The National Preparedness Response and Exercise Program is conducted every three years to satisfy federal oil pollution response exercise requirements.


Soldier found guilty of murder after trial

HONOLULU - A Schofield Barracks soldier was found guilty in the murder of a civilian contractor on a U.S. base in northern Iraq.

The Army said Thursday that Spc. Beyshee Velez, of Cleveland, was found guilty of shooting and killing contractor Lucas Vinson last year.

The trial was held at Wheeler Army Airfield.

Velez, who served three tours of duty in Iraq, was also found guilty of pointing a loaded weapon at three other contractors and fleeing authorities.

The presiding military judge sentenced Velez to 26 years, reduction to lowest enlisted grade and dishonorable discharge.


Four Hawaii college chancellor finalists

HONOLULU - A Hawaii Community College chancellor search committee has named four finalists for the position.

College officials said the finalists will visit the campus this week and speak at public forums in Hilo and Kona.

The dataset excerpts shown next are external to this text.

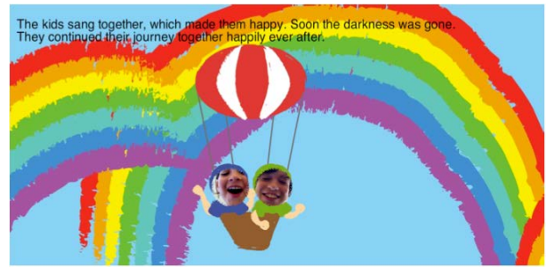
Figure 3: "In the Balloon" story is played in the Story World with two children's recorded faces.
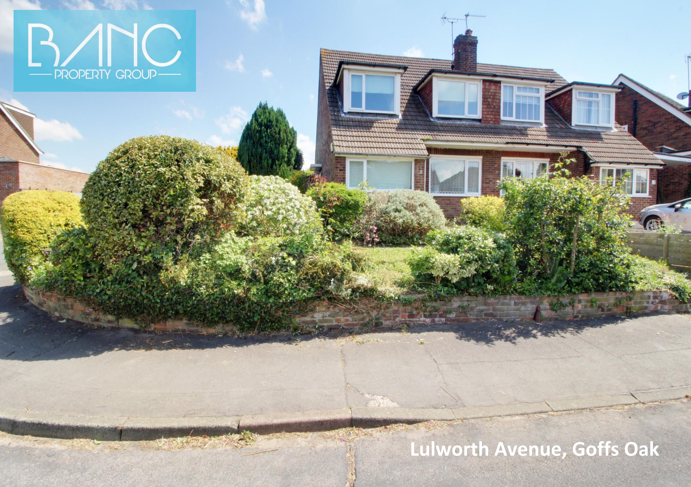
Lulworth Avenue, Goffs Oak
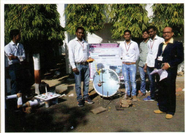
Displaying Models of University Level Avishkar 2017
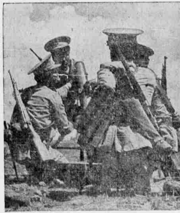
READY —Ready for the invader are these Ethiopian soldiers as they prepare to fire a round from their small field gun.
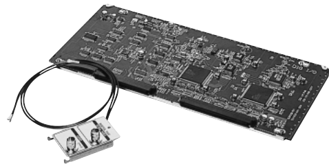
SA-D50U Serial Digital Interface
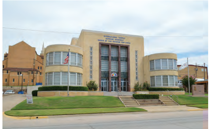
McAlester's Supreme Temple of the International Rainbow for Girls

The re-dedication of McAlester's Rainbow for Girls Supreme Temple was held to celebrate the building being listed on the National Register of Historic Places by the United States Department of the Interior. The Rainbow for Girls Supreme Temple received a certificate signed by Oklahoma Governor Mary Fallin from the Oklahoma Historical Society commemorating its National Register listing. The building at 315 E. Carl Albert Parkway is significant in the area of social history as the world headquarters for the Order of the Rainbow for Girls as well as for its representation of mid-20th-century, Moderne architecture. Bradford said "it's a tremendous honor to be recognized by the Society because the building itself has so much

The candidates are Alexander Capdeville, a professor in the adult and higher education programs at Montana State University; Daniel Bain, president of Independence Community College in Kansas; Noreen Yamane, Hawaii Community College's interim chancellor; and Kathleen Curphy, most recently provost for Minnesota State Community and Technical College.

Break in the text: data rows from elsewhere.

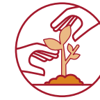
Often, women must grow crops on degraded, smaller plots than those owned by men (Gurrung et al, 2006)
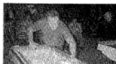
Ed Graves shows the stuff that earned him second place and $6,000.
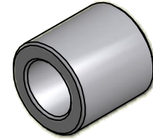
ISO SCALE 4 : 1
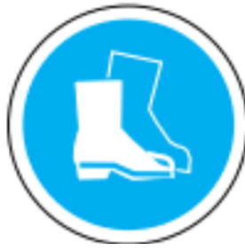
Safety boots must be worn
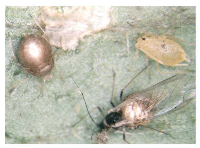
Figure 8. Aphid "mummies," winged and wingless form, that have been attacked by parasitoid.

While scouting for aphids, also look for beneficial insects such as ladybugs, lacewings, syrphid fly larvae, and aphid "mummies" (Figure 8), which are a sign of parasitoids at work. Also keep an eye out for aphids that have been killed by disease or fungi. These aphids may appear bloated, off-color, flattened to the leaf surface, or fuzzy. The presence of predators, parasitoids, disease, or beneficial fungi may be sufficient to reduce aphid numbers significantly within a few days, mitigating the need for other control measures.
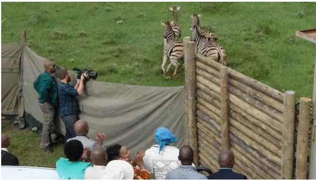
■ Tshitshavha tsha Double Drift vho takalela u vha vhaḅe vha vhugalaphukha.

NYANDANO YA mbuyedzedzo ya mavu tsini na Alice ngei Kapa Vhubvaḍuvha yo vha tshiga tsha vhushelamulenzhe ha vharema vhanzhi kha sekithara ya vhuendelamashango.
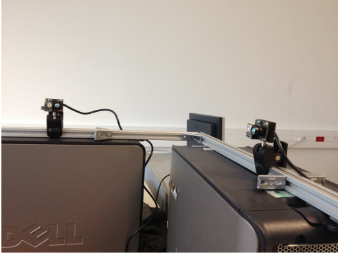
Fig. 1: The current setup for 90°

necessarily wish for every classification to be taken seriously, and we define several confidence measures \text{conf}(\{o_i\}) to this effect. Final decisions are thus taken in the following way:

Public forums for the candidates are to be held on the Manono campus in Hilo on Tuesday and on the West Hawaii campus in Kona on Wednesday.


Suspected gambling room in city facility

HONOLULU - A Honolulu gambling room where police say a man was beaten to death is in a building owned by the city.

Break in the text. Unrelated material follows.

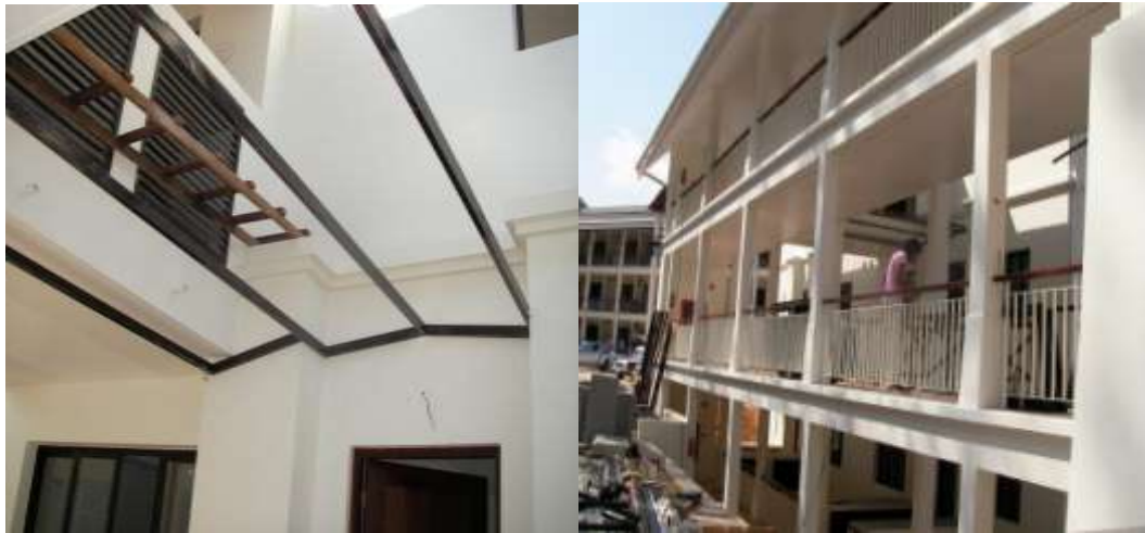
Installation of covers over standard unit entrance/Working on making the frames for the Air con vent covers

KHON reported Thursday that Marin Tower is a city-owned apartment building with businesses on the ground floor. Chinatown Business and Community Association President Chu Lan Shubert-Kwock says the building attracts criminals.

Four men have been indicted in the murder of 42-year-old Nuc Pham. Police say he was beaten to death over a gambling debt.

Charged with murder are Maauga Imoa, Alexander Nguyen, Manu Tonga and Sione Vulangi. Witnesses told police the four men work for or are somehow connected to the gambling room.


Dead whale washes ashore on Big Island

HILO - A badly decayed whale carcass about 35 to 40 feet long has washed ashore in the Big Island's Puna district.

The Hawaii Tribune-Herald reported last week that the whale was too far away from the road to be towed away and too far away from the ocean to be pulled out to sea.

Officials were hoping the whale will either decompose at the remote site near the Wai Opae tide pools, or be carried away by high tide.

Marine biologists believe the same carcass - believed to be of a humpback whale - showed up partially submerged against the Hilo breakwater March 6.

David Schofield, a marine mammal response coordinator for the National Oceanic and Atmospheric Administration, says the whale has been on and off the reef for a couple of weeks.